--- Supplied material Enclosed Below ---

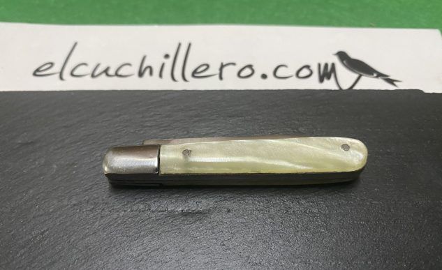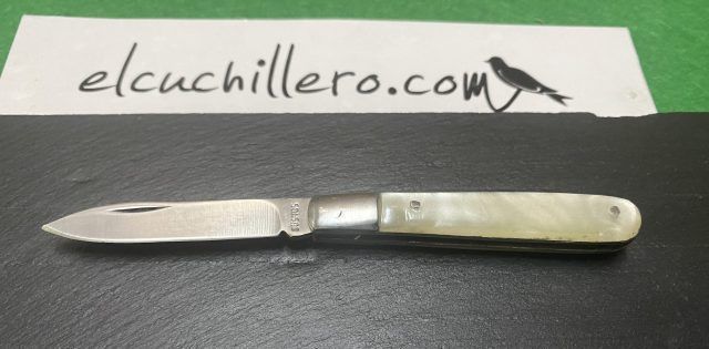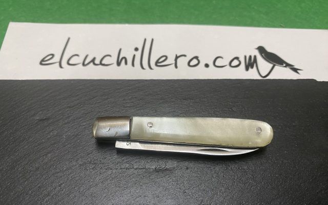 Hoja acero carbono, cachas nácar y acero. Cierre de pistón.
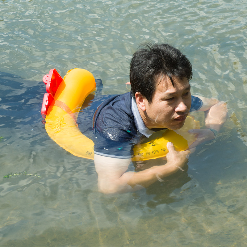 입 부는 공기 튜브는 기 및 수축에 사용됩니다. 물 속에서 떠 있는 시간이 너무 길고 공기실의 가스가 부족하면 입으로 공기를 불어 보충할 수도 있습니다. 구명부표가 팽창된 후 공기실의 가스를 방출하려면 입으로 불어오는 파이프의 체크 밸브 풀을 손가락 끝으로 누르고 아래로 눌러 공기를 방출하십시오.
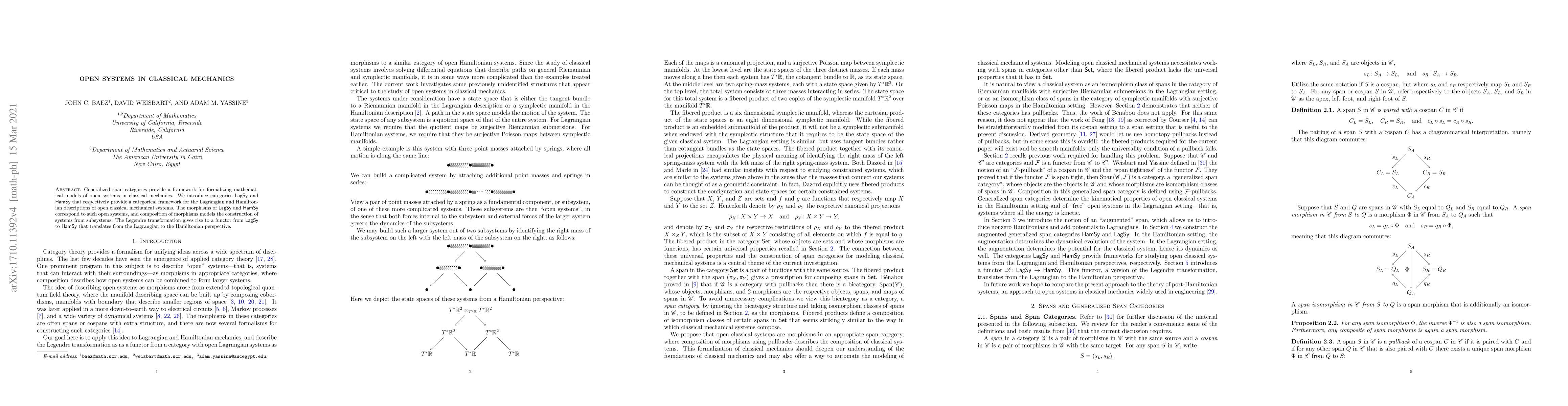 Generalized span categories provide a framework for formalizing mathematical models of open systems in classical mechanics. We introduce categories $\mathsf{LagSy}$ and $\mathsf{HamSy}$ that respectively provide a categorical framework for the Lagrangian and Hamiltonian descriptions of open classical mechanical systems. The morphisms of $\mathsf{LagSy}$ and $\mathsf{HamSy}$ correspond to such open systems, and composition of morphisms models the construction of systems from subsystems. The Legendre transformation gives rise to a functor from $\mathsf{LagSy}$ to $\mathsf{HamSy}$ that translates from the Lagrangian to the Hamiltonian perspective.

--- End of Enclosed Supplied material ---

## Problem to solve:
In the copy, keep every line of the data above exactly and drop each picture.

## Response:
 Hoja acero carbono, cachas nácar y acero. Cierre de pistón.
 입 부는 공기 튜브는 기 및 수축에 사용됩니다. 물 속에서 떠 있는 시간이 너무 길고 공기실의 가스가 부족하면 입으로 공기를 불어 보충할 수도 있습니다. 구명부표가 팽창된 후 공기실의 가스를 방출하려면 입으로 불어오는 파이프의 체크 밸브 풀을 손가락 끝으로 누르고 아래로 눌러 공기를 방출하십시오.
 Generalized span categories provide a framework for formalizing mathematical models of open systems in classical mechanics. We introduce categories $\mathsf{LagSy}$ and $\mathsf{HamSy}$ that respectively provide a categorical framework for the Lagrangian and Hamiltonian descriptions of open classical mechanical systems. The morphisms of $\mathsf{LagSy}$ and $\mathsf{HamSy}$ correspond to such open systems, and composition of morphisms models the construction of systems from subsystems. The Legendre transformation gives rise to a functor from $\mathsf{LagSy}$ to $\mathsf{HamSy}$ that translates from the Lagrangian to the Hamiltonian perspective.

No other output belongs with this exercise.